■ **The problem**:
Leave out the pictures and repeat the data exactly.

■ **Source material**:
--------------------------------------------------

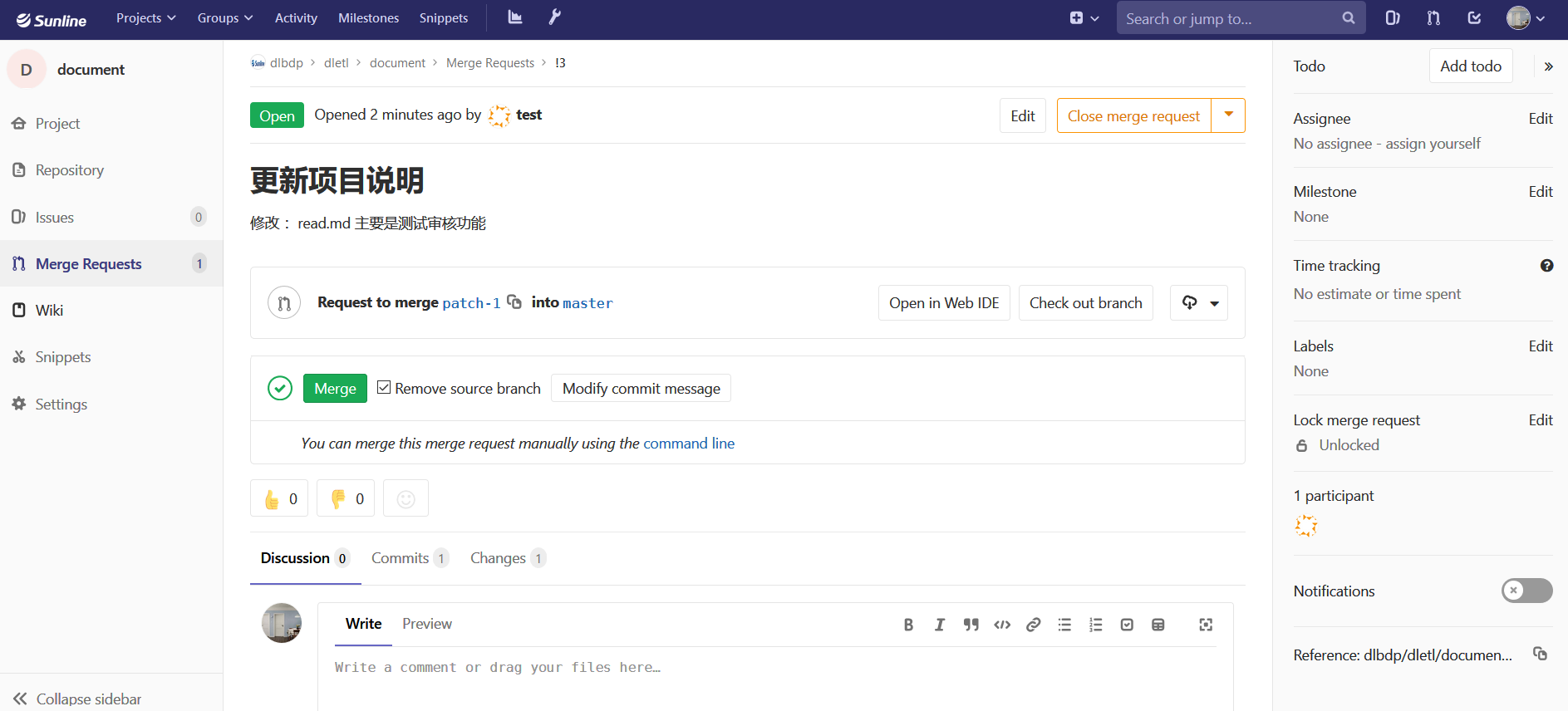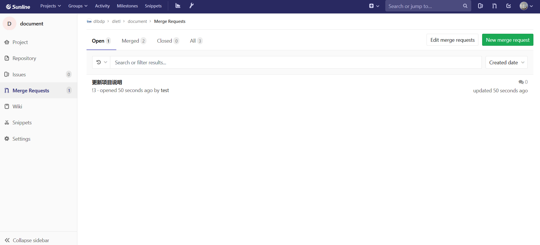当有新的代码提交请求时,项目负责人可以通过查看merge requests获取到来自fork或者branch的合并请求:
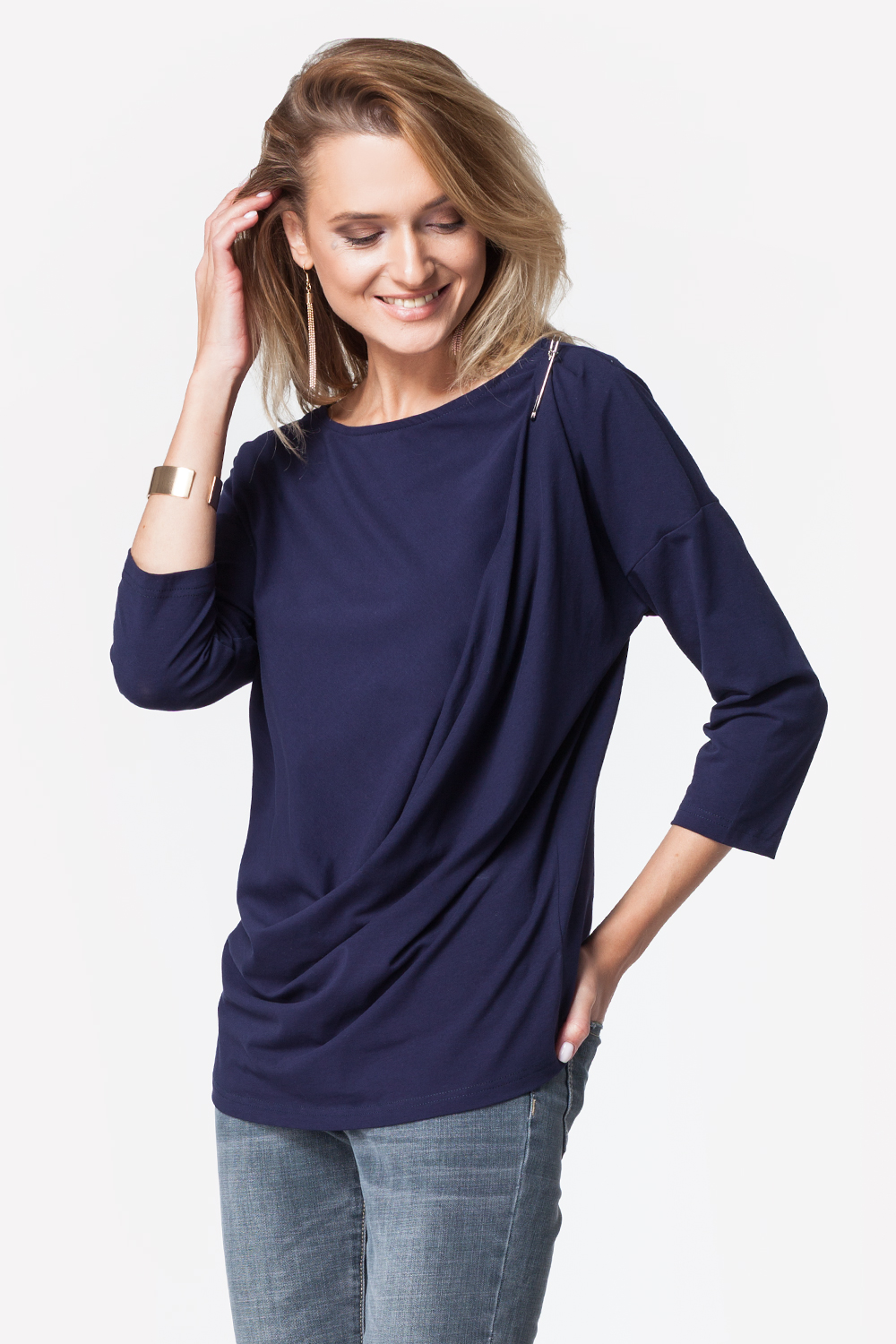 Футболка свободного кроя с заужением к низу выполнена из эластичного хлопкового полотна. Спереди складка от плеча создает эффектную драпировку. Рукав 3/4, на спинке металлическая нашивка с логотипом. В комплекте декоративная заколка-булавка.
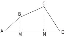 Mảnh đất đã cho được chia thành một hình thang vuông BMNC và hai hình tam giác vuông ABM, CND.
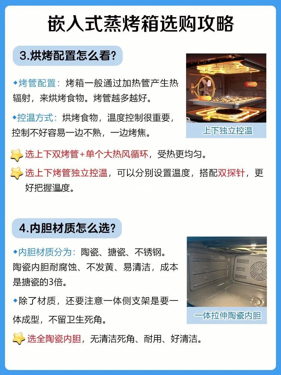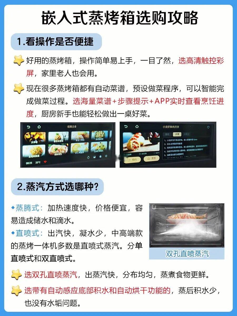 😎嵌入式蒸烤一体机真的是厨房必备的幸福感家电!它集蒸、烤、炸于一体,多功能省空间,一台就能满足多种烹饪需求,而且能与橱柜完美贴合,让厨房颜值蹭蹭长! 😫但是市面上的蒸烤箱品牌那么多,很多小伙伴都说不会选~ 📝下面给大家整理了详细的选购攻略,搞清楚以下6️⃣点再入手避免踩坑哦! ✨1、看操作是否便捷 ✨2、蒸汽方式选哪种? ✨3、烘烤配置怎么看? ✨4、内胆材质怎么选? ✨5、看安全防护 ✨6、看品牌和保修 👉🏻详细的讲解可以参考图片,欢迎有不同问题的小伙伴随时提问~

--------------------------------------------------

■ **Response to the task**:
当有新的代码提交请求时,项目负责人可以通过查看merge requests获取到来自fork或者branch的合并请求:
 Футболка свободного кроя с заужением к низу выполнена из эластичного хлопкового полотна. Спереди складка от плеча создает эффектную драпировку. Рукав 3/4, на спинке металлическая нашивка с логотипом. В комплекте декоративная заколка-булавка.
 Mảnh đất đã cho được chia thành một hình thang vuông BMNC và hai hình tam giác vuông ABM, CND.
 😎嵌入式蒸烤一体机真的是厨房必备的幸福感家电!它集蒸、烤、炸于一体,多功能省空间,一台就能满足多种烹饪需求,而且能与橱柜完美贴合,让厨房颜值蹭蹭长! 😫但是市面上的蒸烤箱品牌那么多,很多小伙伴都说不会选~ 📝下面给大家整理了详细的选购攻略,搞清楚以下6️⃣点再入手避免踩坑哦! ✨1、看操作是否便捷 ✨2、蒸汽方式选哪种? ✨3、烘烤配置怎么看? ✨4、内胆材质怎么选? ✨5、看安全防护 ✨6、看品牌和保修 👉🏻详细的讲解可以参考图片,欢迎有不同问题的小伙伴随时提问~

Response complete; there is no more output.